-- SOURCE MATERIAL --
Start of Block
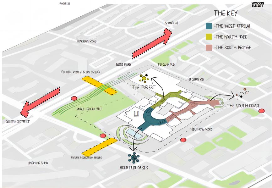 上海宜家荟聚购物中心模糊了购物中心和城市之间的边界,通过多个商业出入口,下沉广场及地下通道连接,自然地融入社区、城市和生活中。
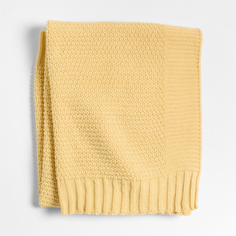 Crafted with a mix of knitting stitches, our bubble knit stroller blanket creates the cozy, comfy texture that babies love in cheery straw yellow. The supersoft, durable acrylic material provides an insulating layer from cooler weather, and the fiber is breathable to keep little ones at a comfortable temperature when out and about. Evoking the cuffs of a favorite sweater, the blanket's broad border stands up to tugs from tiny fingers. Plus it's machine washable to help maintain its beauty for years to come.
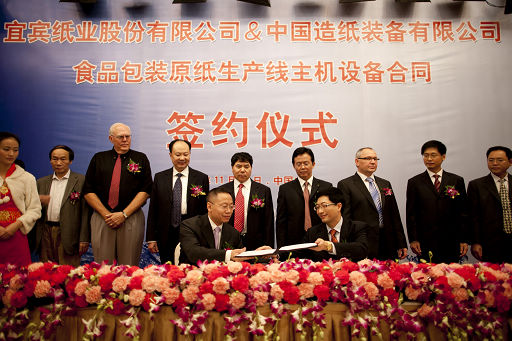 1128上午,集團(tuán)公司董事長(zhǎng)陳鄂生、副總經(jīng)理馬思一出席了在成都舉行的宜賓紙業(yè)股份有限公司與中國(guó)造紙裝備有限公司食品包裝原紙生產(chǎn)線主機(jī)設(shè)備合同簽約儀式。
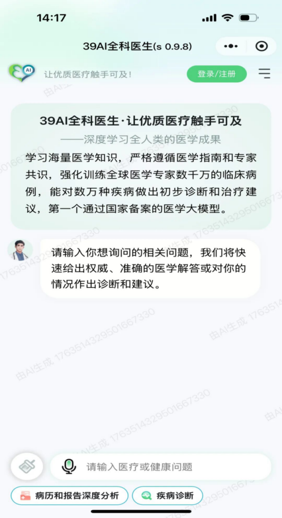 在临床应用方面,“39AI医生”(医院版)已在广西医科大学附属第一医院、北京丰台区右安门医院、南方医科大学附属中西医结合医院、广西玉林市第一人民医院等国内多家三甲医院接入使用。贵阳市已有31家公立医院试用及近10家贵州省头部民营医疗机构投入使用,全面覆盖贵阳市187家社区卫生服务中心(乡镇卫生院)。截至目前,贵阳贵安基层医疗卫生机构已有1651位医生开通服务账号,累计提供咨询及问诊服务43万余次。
End of Block
-- HOW TO COMPLETE THIS TASK --
Return the opening line of the data above and every line after it up to and including the line that holds "1128上午,集團(tuán"; pictures stay out.

-- RESPONSE --
 上海宜家荟聚购物中心模糊了购物中心和城市之间的边界,通过多个商业出入口,下沉广场及地下通道连接,自然地融入社区、城市和生活中。
 Crafted with a mix of knitting stitches, our bubble knit stroller blanket creates the cozy, comfy texture that babies love in cheery straw yellow. The supersoft, durable acrylic material provides an insulating layer from cooler weather, and the fiber is breathable to keep little ones at a comfortable temperature when out and about. Evoking the cuffs of a favorite sweater, the blanket's broad border stands up to tugs from tiny fingers. Plus it's machine washable to help maintain its beauty for years to come.
 1128上午,集團(tuán)公司董事長(zhǎng)陳鄂生、副總經(jīng)理馬思一出席了在成都舉行的宜賓紙業(yè)股份有限公司與中國(guó)造紙裝備有限公司食品包裝原紙生產(chǎn)線主機(jī)設(shè)備合同簽約儀式。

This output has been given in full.